NEW YORK ( TheStreet) -- Fourth generation wireless networks -- also known simply as 4G -- will be one of the biggest tech building booms of the decade. We're talking one of those rare and sweeping industry transition points that promises to stimulate big spending, new product cycles and the remake of the Internet for an era of mobile computing.

For investors, the upgrade reeks of another Internet gold rush: 4G promises to take smartphones to desktop speeds, unleash a whole new crop of wireless devices and finally deliver the full potential of the mobile Internet.

But don't start picking your winners yet.
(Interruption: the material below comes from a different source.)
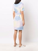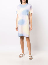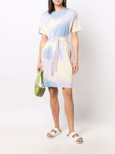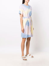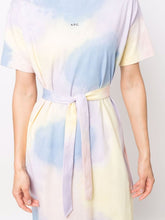 Multicolored tie and dye dress, made of organic cotton. Featuring a straight cut, short sleeves, round neck, tonal belt at the waist, apc logo at the chest.
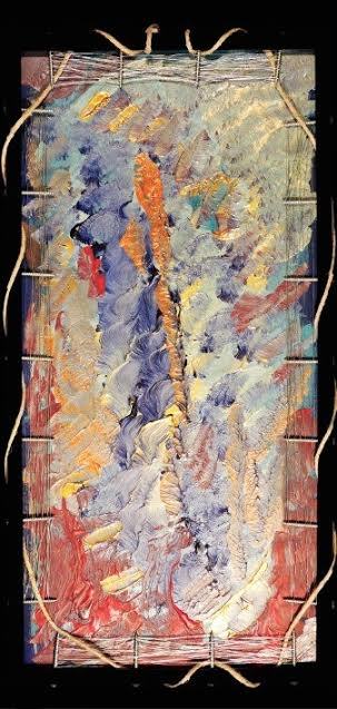 Dipinti: circa 40 opere in acrilico su cartoncino, racchiuse in semplici cornici di legno naturale, con un intervento diverso per ciascuna opera, fatto di viti e fili differenti .

Objects in the tech distortion window can appear deceptively close at hand -- the distance from here to 4G is farther than you might have guessed.

"These are still the early days," says Ericsson ( ERIC) CFO Jan Frykhammar. "I don't believe we will see significant revenue from 4G until 2012."
COO Jan Frykhammar.
Ericsson CFO Jan Frykhammar.

Blame Verizon ( VZ) for starting the clock a little too early on 4G. In Nov. 2007, jockeying for a leading edge in the wireless race against AT&T ( T) and Sprint ( S), Verizon announced that it was taking the long term evolution (LTE) path to 4G. Verizon has vowed to have LTE available in more than 25 cities this year. But high-priced chips and a lack of LTE gadgets all but guarantees that the true 4G action won't arrive for a few more years.

Following with its own LTE plan, AT&T announced its intentions in Feb. 2008. And as a backer of Clearwire's ( CLWR) WiMax flavor of 4G wireless technology, Sprint has said that it hasn't ruled out an LTE upgrade path.